Cisco initiated ITC Investigation No. 337-TA-945 against Arista on December 18, 2014, alleging that Arista’s networking products and software infringed six Cisco patents, including the ’577, ’853, and ’668 Patents. On May 5, 2017, a few weeks prior to the issuance of the IPR Final Written Decisions, the ITC issued its opinion and a limited exclusion order barring the unlicensed entry of any Arista network devices and related components and software that infringed the ’577 and ’668 Patents. The order was based in part on a determination that the ’577 and ’668 Patents were valid and infringed. (Investigation No. 337-TA-945, Commission Opinion.) The ITC found that Arista did not infringe the ’853 Patent. The ITC declined to find the ’577 and ’853 Patents invalid based on the doctrine of assignor estoppel. Assignor estoppel is an equitable doctrine that prevents one who has assigned the rights to a patent from later contending that what was assigned is worthless. As many Arista employees previously worked at Cisco, the ITC found that Arista could not assert that the ’577 and ’853 Patents were invalid. However, in its ruling the ITC noted that, had assignor estoppel not applied, the infringed claims of the ’577 Patent would have been found anticipated by the Feldmeier reference. Regarding the ’668 Patent, the ITC found that it was not invalid in view of the JUNOS Guide, Amara, or any combination presented by Arista. The ITC also noted that Arista did not attempt to prove that a stay of the investigation due to the IPRs was warranted.
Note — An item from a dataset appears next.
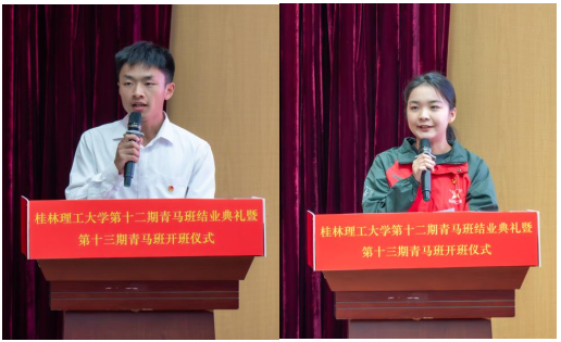 第十二期、第十三期“青马班”学员代表王以晗、蒋晨冉同学分别作表态发言

Arista filed IPR petitions of the ’577, ’853, and ’668 Patents on December 9, 2015, almost a year after Cisco filed the ITC complaint and the IPRs were instituted in June 2016. In its Final Written Decisions for the’577 and ’853 Patent IPRs, the PTAB found that assignor estoppel does not apply. Even though the ITC had found that Arista was precluded from arguing that the ’577 and ’853 Patents were invalid, the PTAB ruled differently, saying assignor estoppel does not apply in IPR proceedings. Further differentiating its approach from that of the ITC, the PTAB found that the ’577 Patent was invalid as obvious in view of the Huey reference in combination with the ATM UNI Specification, not the Feldmeier reference on which the ITC would have found it invalid had assignor estoppel not applied. Arista used a similar strategy in the IPR of the ’668 Patent, again presenting different prior art references to challenge the validity of the ’668 Patent than it had at the ITC and again successfully invalidated the patent unlike the outcome at the ITC.
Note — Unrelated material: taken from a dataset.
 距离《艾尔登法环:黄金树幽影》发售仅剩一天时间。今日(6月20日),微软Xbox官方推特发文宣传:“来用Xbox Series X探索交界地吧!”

For the ITC determination, the Presidential Review Period elapses and the ITC’s exclusion orders go into effect on July 4, 2017. For the IPRs, an appeal to the Federal Circuit must be filed within 63 days after the Final Written Decision or a decision on rehearing is issued. Here, it is likely that Cisco will appeal the PTAB decisions after the July 4th deadline for the ITC’s exclusion orders to go into effect.
The results here clearly illustrate the potential uncertainty that can result from our current system. It will be interesting to see whether the ITC rescinds its exclusion orders in light of the IPR decisions and whether it allows its orders to go into effect while the Federal Circuit appeal of the IPRs is pending, thereby giving Cisco some period of exclusion even though the patents were invalidated by the PTAB.